The most successful startups do not just build products -- they build communities. Figma, Notion, and dbt all grew through passionate communities that evangelized the product, created content, and supported each other. Here is how to build that flywheel for your startup.
Community vs. Audience
An audience listens to you. A community talks to each other. The distinction matters: an audience depends on your continued content output, while a community is self-sustaining. Your goal is to create the conditions for members to connect with and help each other, not just with you.
Where to Build
Choose your platform based on where your users already spend time: Slack or Discord for real-time developer communities, LinkedIn Groups for B2B professional communities, Forums (Discourse, Circle) for long-form discussion, and GitHub Discussions for open-source communities.

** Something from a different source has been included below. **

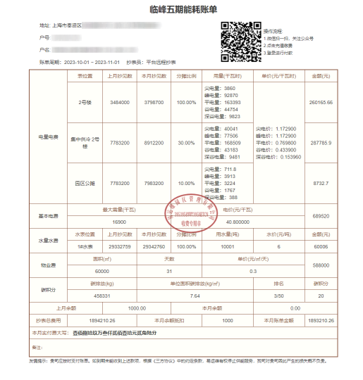 碳無憂平臺-能耗賬單
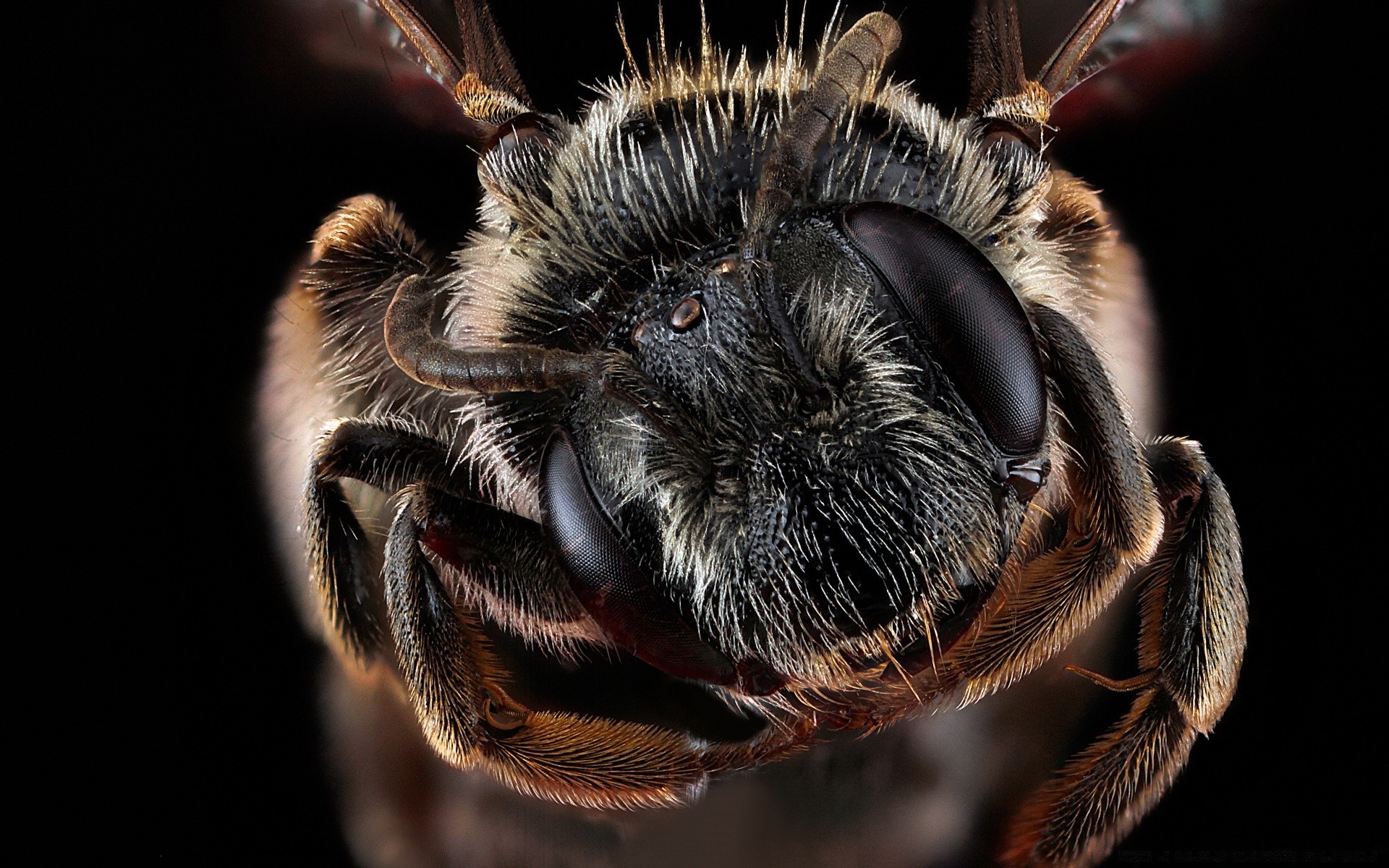 Makroaufnahmen eines insekts mit riesigen augen und einem flauschigen stierMakroaufnahmen eines Insekts mit riesigen Augen und einem flauschigen Stier

Start with one platform and do it well.
The Community Flywheel
Content (members share knowledge) leads to Engagement (discussions, Q&A, events) which leads to Advocacy (members recommend your product) which brings Growth (new members join) which creates more Content. Your job is to seed and nurture this flywheel until it becomes self-sustaining.
Events and Meetups
Regular events give your community rhythm and energy: weekly office hours or AMAs, monthly webinars or workshops, quarterly virtual meetups, and annual in-person conferences or unconferences. Start small (10-person meetups) and scale as demand grows.
Measuring Community Health
Track: active member percentage (what % of members contribute each month), response time (how quickly do community members help each other), content creation rate (user-generated posts, guides, tutorials), and community-influenced revenue (deals where the community played a role in the buyer's journey).